Speaking as someone who's had some training as a psychological counsellor, I don't think your reaction was as uncommon as you might fear it is. Suddenly hearing about tragedy striking those close to you is a shocking experience that can cause yourself to be flooded with emotions. In a state like that, it's hard to control how those emotions come out, and sometimes they come out in a way that's not socially appropriate (such as laughing). This happens to many different people, and it is normal. Some people don't even feel anything at all. This is also normal, and you also can't control it because you can't make yourself feel anything. This is what happened to myself: I felt nothing when I heard that my grandfather died, and it wasn't until the memorial service four months later that the emotions hit me like a load of bricks.
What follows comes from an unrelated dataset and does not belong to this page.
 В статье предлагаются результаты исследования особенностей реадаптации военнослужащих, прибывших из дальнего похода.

The same thing can happen with your thoughts: We don't have control over what thoughts pop into our head, and sometimes the first thought that comes into your head can be really inappropriate for the situation. But thoughts are just thoughts; no more and no less. Thoughts can't hurt you, and thoughts don't make things true. The fact that you had the thought does not mean something is wrong with you. The fact that the thought gave your raw emotions a release in a way that is socially inappropriate does not mean something is wrong with you. These were things you had no control over, and from what I gather from your posts, it seems to me like they are not consistent with who you are as a person because you immediately recognized that they were wrong. We call this "egodystonic". If these thoughts and responses were egosyntonic (consistent with who you believe yourself to be), there would be a problem (on the other hand, you wouldn't think there was a problem).
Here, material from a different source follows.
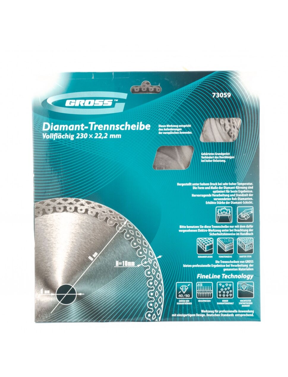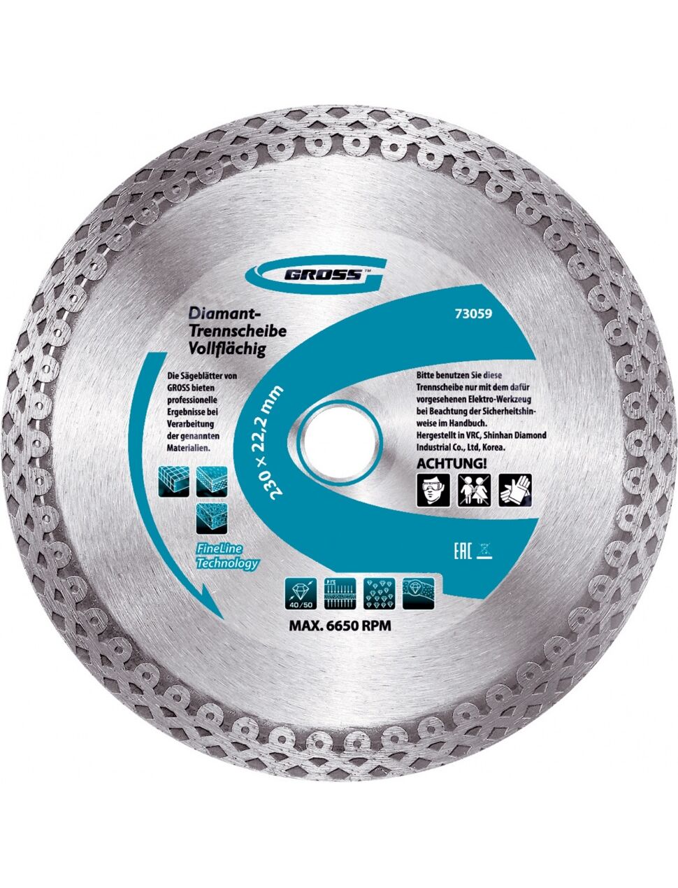 Диск алмазный 230 х 22,2 мм сплошной тонкий мокрая резка GROSS 73059

It's important to be aware of what's going on inside you, and how your emotions and thoughts work. But fixating on a thought, feeling guilty that you had a certain thought or a certain emotional response, or trying to control your thoughts can lead to bigger problems. There's no use in feeling guilty or angry at yourself over something you had no control over, and trying to control the uncontrollable is a waste of your mental energy. Instead, I encourage you to be mindful of your thoughts and emotions, examine them without judgment and with curiosity, then let them go.